Città del Messico, 17 settembre 1925. Lei ha diciotto anni. Quel giorno maledetto corre per la città, prende al volo un autobus per Coyoacàn che però all’incrocio col mercato di San Juan sarà travolto da un tram con un impatto di tale violenza da ridurre Frida ad un mucchio di ossa fratturate e sanguinanti. Un corrimano le perfora un fianco, la sua punta scheggiata fuoriesce dalla vagina, il corpo straziato e affogato nel sangue è ricoperto da una polvere dorata; la visione, di un misticismo quasi surreale, evoca un martirio: è destinata al calvario. Eppure sopravvive. Dovrà rimanere a letto per mesi, imprigionata in una corazza di gesso, probabilmente perderà l’uso delle gambe. Nell’ozio tormentato e dolente del tempo che non dà tregua, inesorabile, lento, Frida inizia a dipingere. Ricama fiori sui suoi busti, animali, tanti altri oggetti, fino a smorzarne con l’esuberanza dei colori l’orrore ortopedico; il resto del tempo tesse sogni, forte di un’immaginazione salvifica che la conduce oltre il corpo. Si accanisce sull’unica cosa che può osservare restando inchiodata al letto: se stessa riflessa in uno specchio. Si ritrae ossessivamente, in attesa che l’alba risorga, del giorno che si alzerà sulle gambe, perché quel giorno verrà. E viene. Claudicante Frida si reca dal grande pittore Diego Rivera con una cartella piena di disegni e un piglio sfrontato: vuole un suo parere, non è intimidita dalla mole artistica del più grande muralista messicano, in fondo è un compagno, ha fondato il Partito Comunista di quel Paese, crede fermamente come lei nella rivoluzione. Diego ha il doppio dei suoi anni, del suo peso, della sua statura… eppure l’elefante sposerà la colomba.

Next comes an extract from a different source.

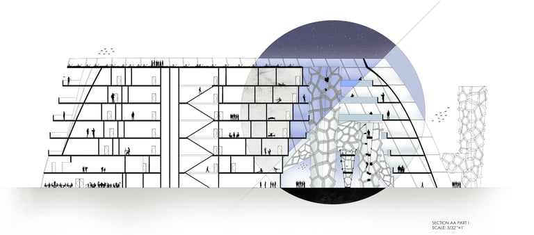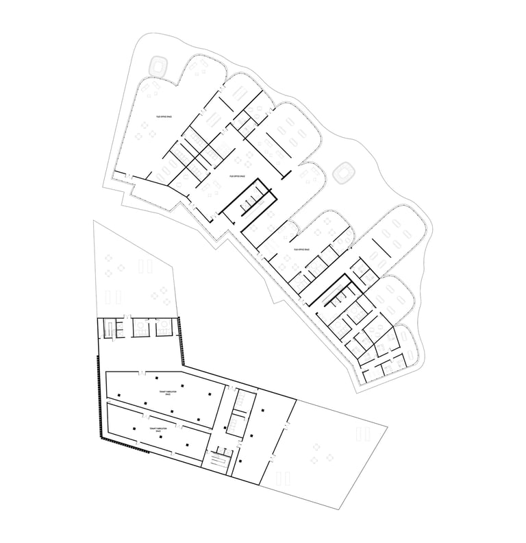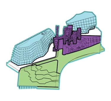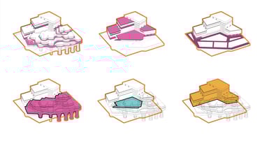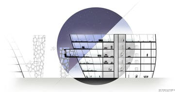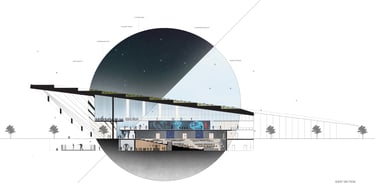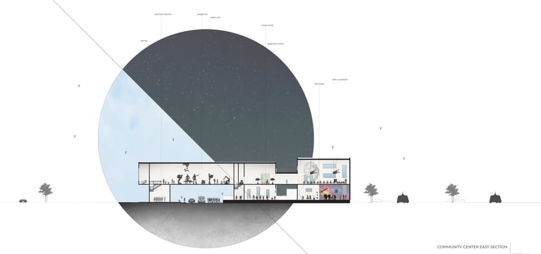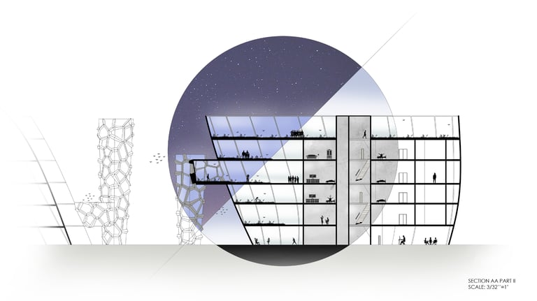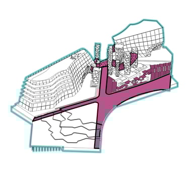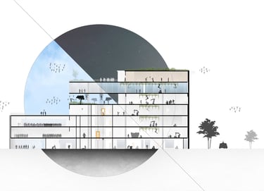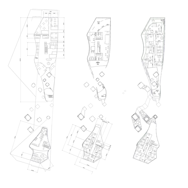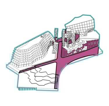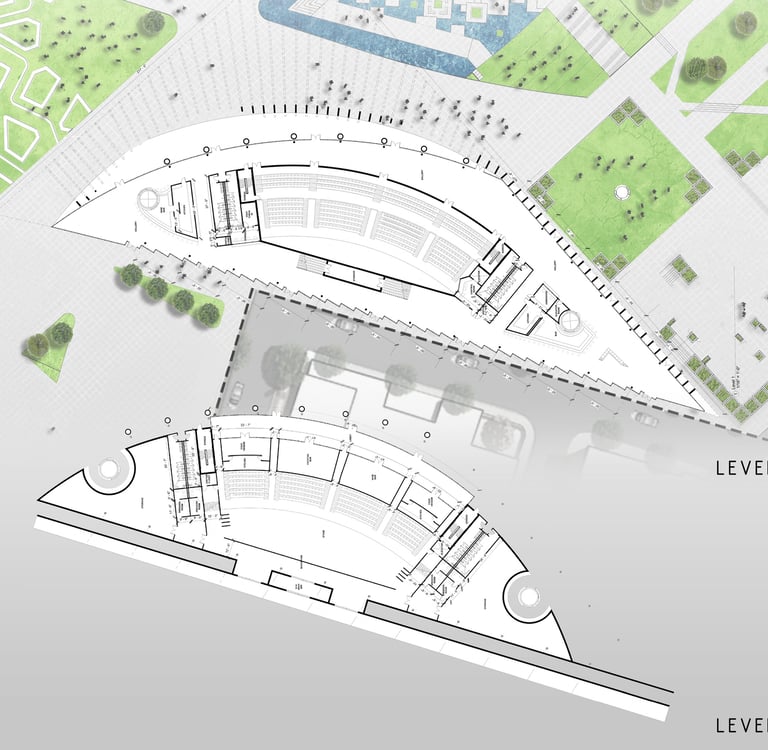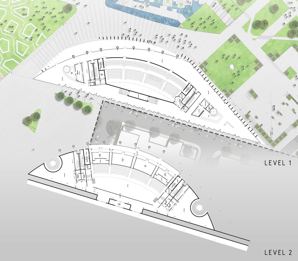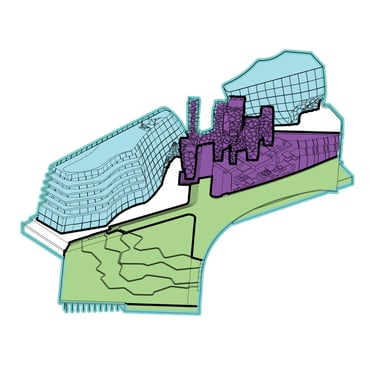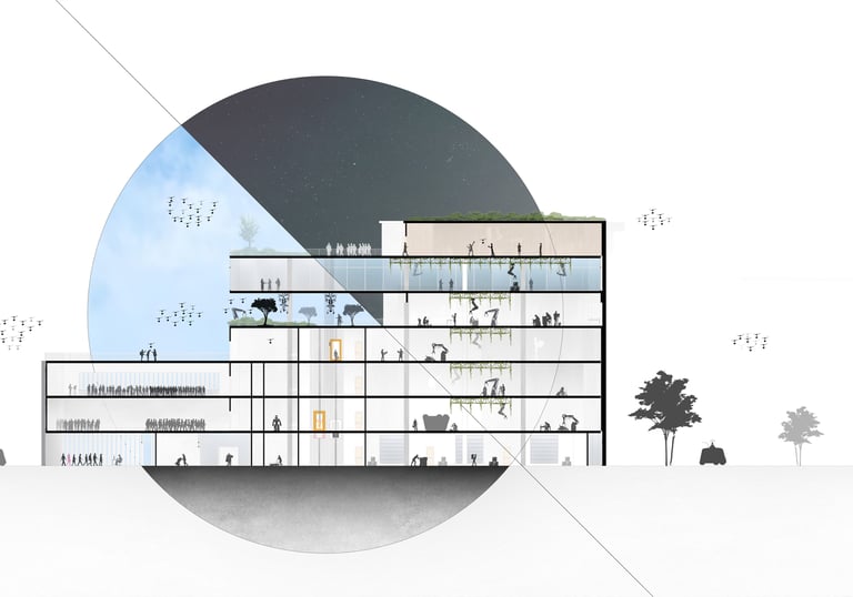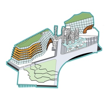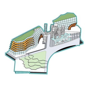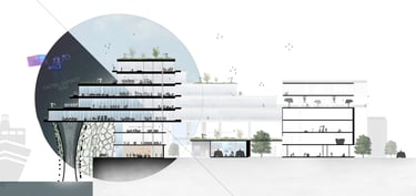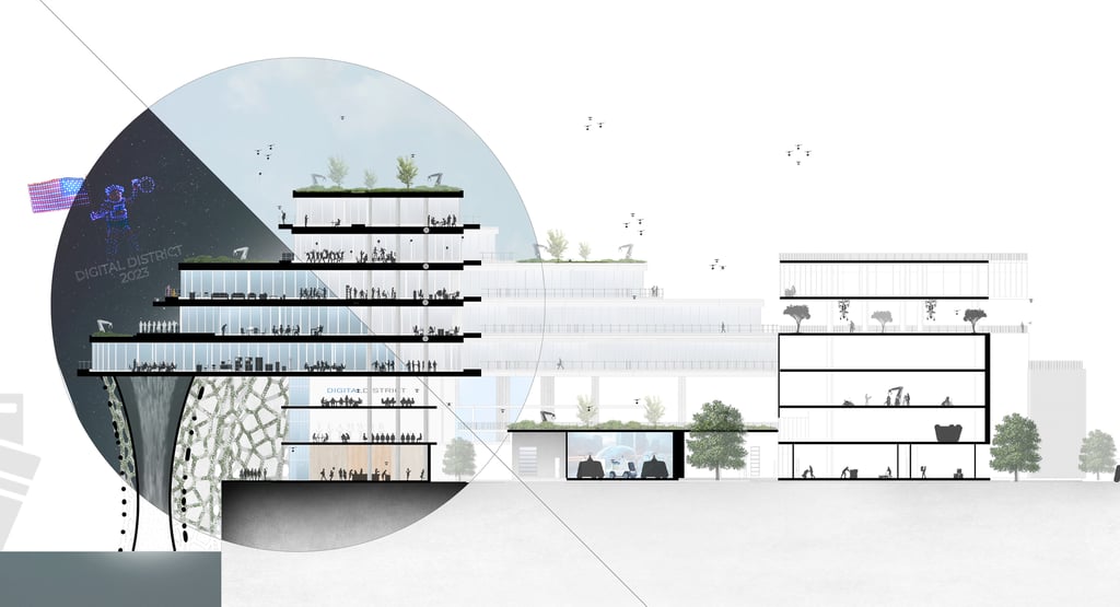 The Office-Workshop at the Digital District, positioned as the most secluded and enclosed part of the site, functioned as the center for work, research, and technology development. It catered to four distinct types of companies, in line with the specific needs of Curiosity Labs as a facilitator. These companies specialized in areas such as agricultural drones for crop harvesting, autonomous vehicle systems, hydroponic farming, and waste recycling of plant matter. Each company was provided with designated spaces for fabrication, offices, hydroponic labs, and a raised courtyard that served as a testing zone for their specialized fields. The fabrication area, a monolithic structure, featured expansive floors to accommodate a wide range of specialized electronics and mechanics, essential for production and testing. The lower section housed a spacious mechanical bay for the development, testing, and repair of autonomous vehicles. The office spaces were ingeniously designed with a two-tiered approach: the lower level offered coworking spaces for temporary, short-term collaborations, while the upper levels provided long-term leasable spaces for companies. A significant portion of the upper level was dedicated to a generously sized social space, offering panoramic views of the amphitheater.

Nasce uno degli amori più affascinanti e controversi del Novecento, si faranno del male: corna, ripicche, ricongiungimenti, figli mancati per i numerosi aborti di lei, separazioni. Addirittura si risposeranno dopo il divorzio (Diego ha già all’attivo due mogli devastate). Frida dipinge sempre, con o senza di lui, tiene a portata di mano la fiaschetta di brandy e la morfina per sedare il dolore alle ossa, dilaniata da numerosi interventi chirurgici che non hanno alleviato la sua condizione. E ci racconta, si racconta. Impietosamente…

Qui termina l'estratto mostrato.